Les moralistes français ont rempli une fonction corrective unique en occident, il ne sont pas les
gardiens de l'ordre moral, ils le remeublent, vigilants à cerner les fausses positions morales. quand
Lévi-Strauss étudient les cultures indigènes, il espérait augmenté la vigilance du répertoire des
arrangements sociaux au delà de la culture au monolithisme croissant de l'occident. De ces pratiques
de plus en plus stigmatisées par le racisme, les rites matrimoniaux, les cérémonies initiatiques, les
mythes créationnistes, Lévi-Strauss extrait des préceptes utiles à la compréhension, sinon à la
sympathie avec la logique interne de la plupart des cultures étrangères. La profonde rigueur
scientifique de ses analyses, et le respect du sujet que cela supposait, fut finalement plus utile pour
combattre le préjudice racial que le dit de grands philosophes comme Sartre.
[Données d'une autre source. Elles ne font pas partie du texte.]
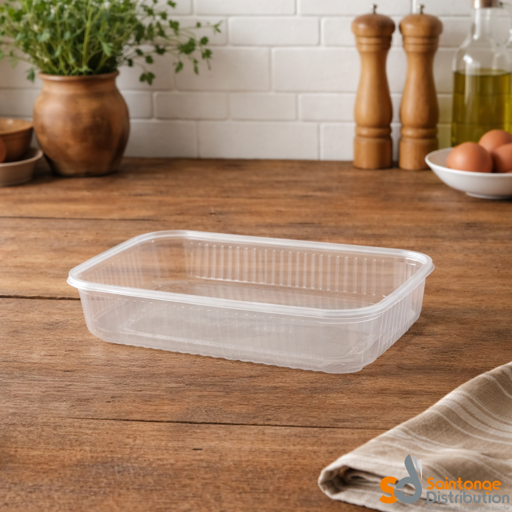 Avec sa contenance de 750 ml, elle convient idéalement aux portions individuelles généreuses, plats cuisinés, accompagnements, salades composées ou préparations traiteur. Son format pratique permet une présentation nette et professionnelle tout en garantissant une excellente conservation.
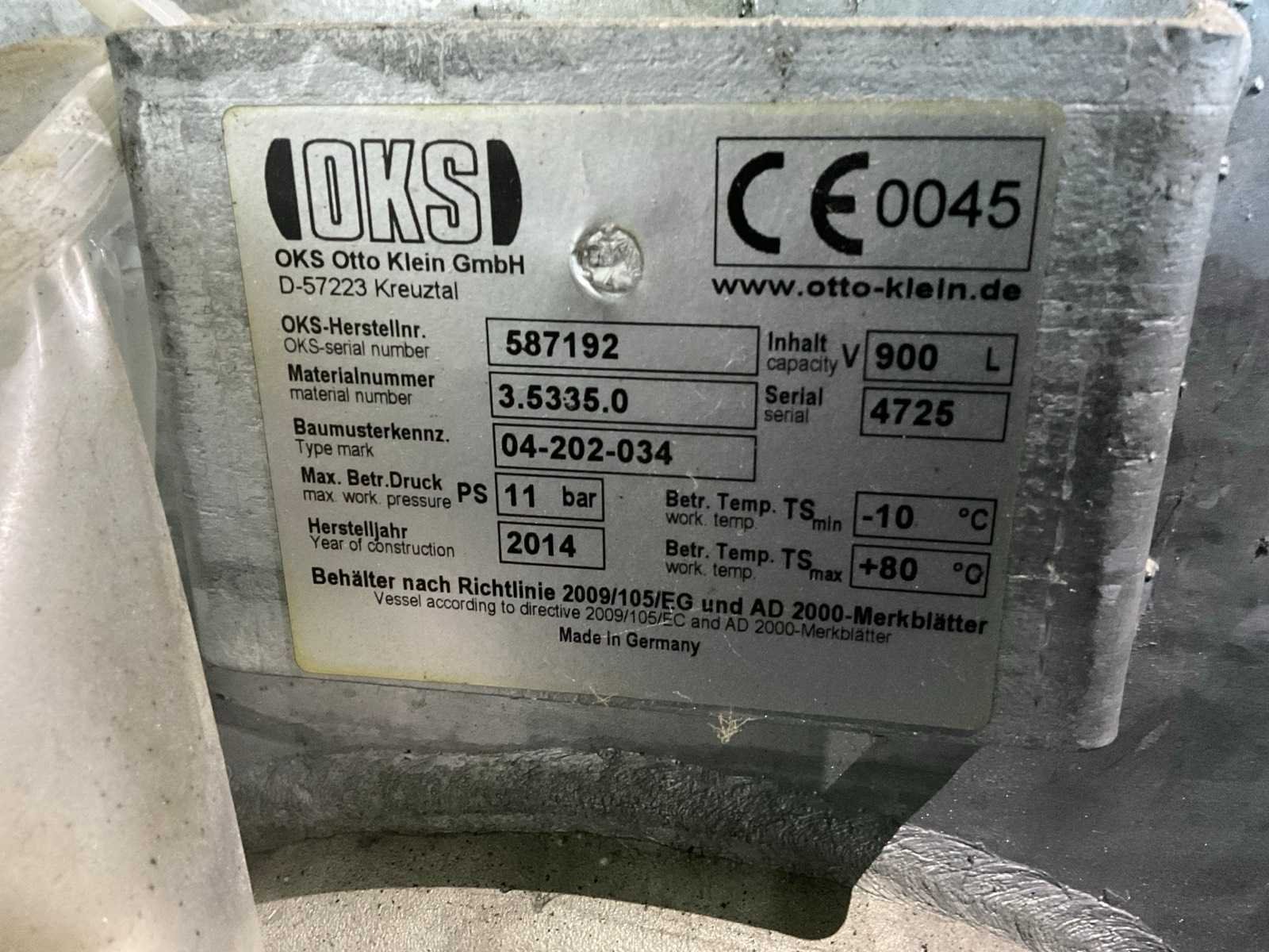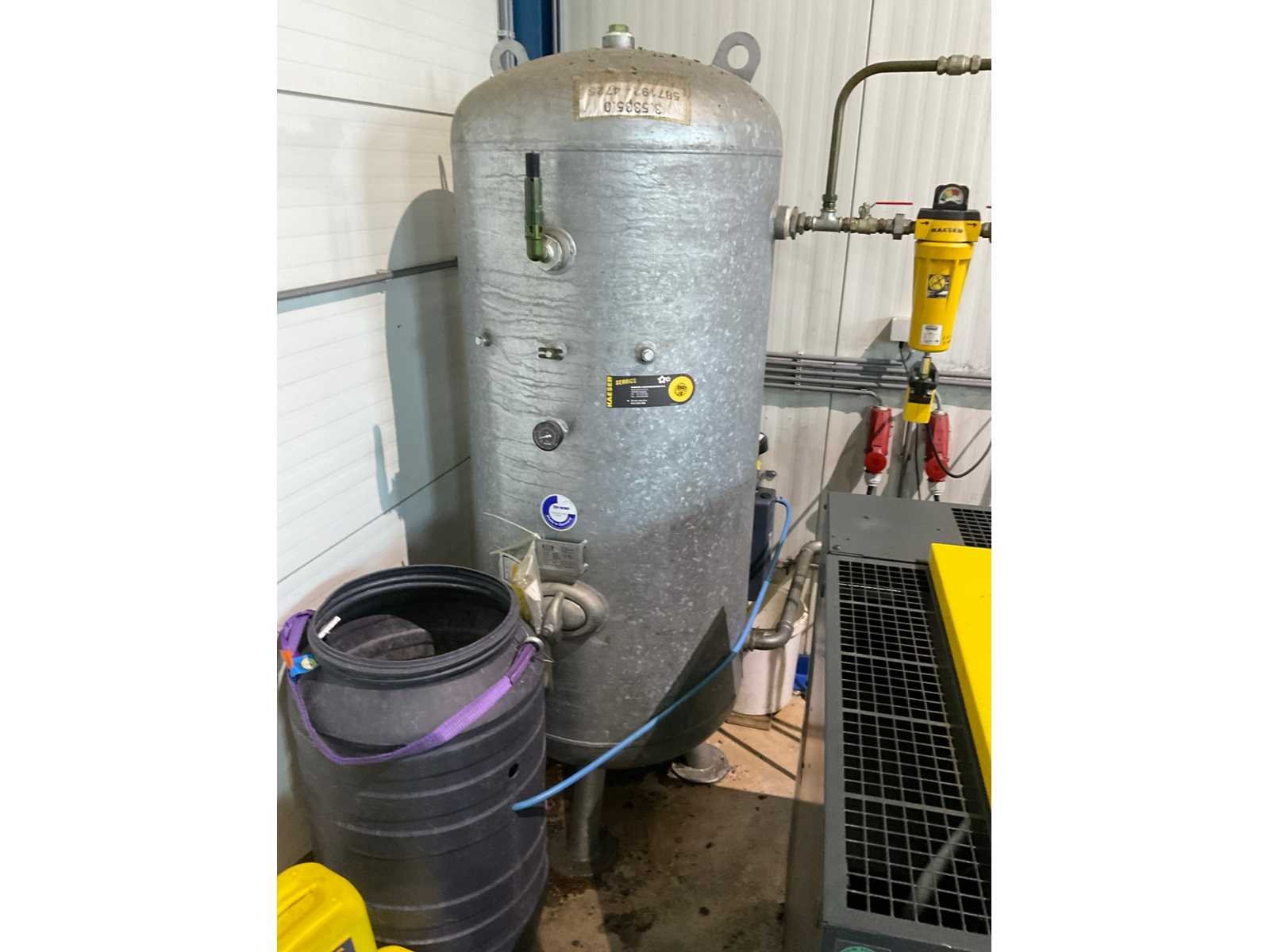 Inclusief: (1x) OKS verticaal drukvat, Inhoud: 900 liter, 11 bar, Bouwjaar: 2014. Merk: Kaeser Type: SK22T Bouwjaar: 2014 Serienummer: 1143 Capaciteit.: 11bar Vermogen: 11kW Buffertank inhoud: 900l Afgelezen urenstand: 42160 Aansluiting: 400V Totale afmeting L: 700mm Totale afmeting Breedte: 1200mm Totale afmeting Hoogte: 1250mm

Lévi-Strauss pensait
plus juste beaucoup de penseurs politiques d'aujourd'hui, en épelant les paradoxes de ses efforts anti
discriminatoires. La lutte contre le racisme, qui enjoint l'humanité à adopter les normes de la
civilisation globale se trouve aussi responsable de la destruction des différences culturelles, qu'elle
était sensé protéger. au fur et à mesure que les sociétés sont plus attentives à l'importance de
préserver les particularismes, leurs différences deviennent difficiles à justifier. "Quand la
communication intégrale avec l'autre est complètement réalisée," écrit-il dans"Le Regard
Éloigné"(1983) à propos des Afars,"tôt ou tard jette un sort à la fois sur sa créativité et sur la
mienne." Lévi Strauss ne cessa jamais de pleurer les sources originelles du sens esthétique et moral
en qui ne pouvait se trouver que dans les sociétés restées sourdes au reste du monde. Du moins, il
en vint à voir son travail et celui de l'anthropologie en général à nous rendre plus méfiants et plus
attentifs quand nous devrons, inévitablement, les rencontrer. Les charmes de la civilisation sont
peut-être du essentiellement aux réminiscences variées qu'ils emportent," Mais pour Lévi-Strauss
cela ne nous absout pas du devoir de les réformer. Pour ce sens réaliste des responsabilités et son
refus de nous fournir de fausses certitudes dans une époque truffée de prophètes totalitarismes, on
peut encore le lire avec beaucoup de profit.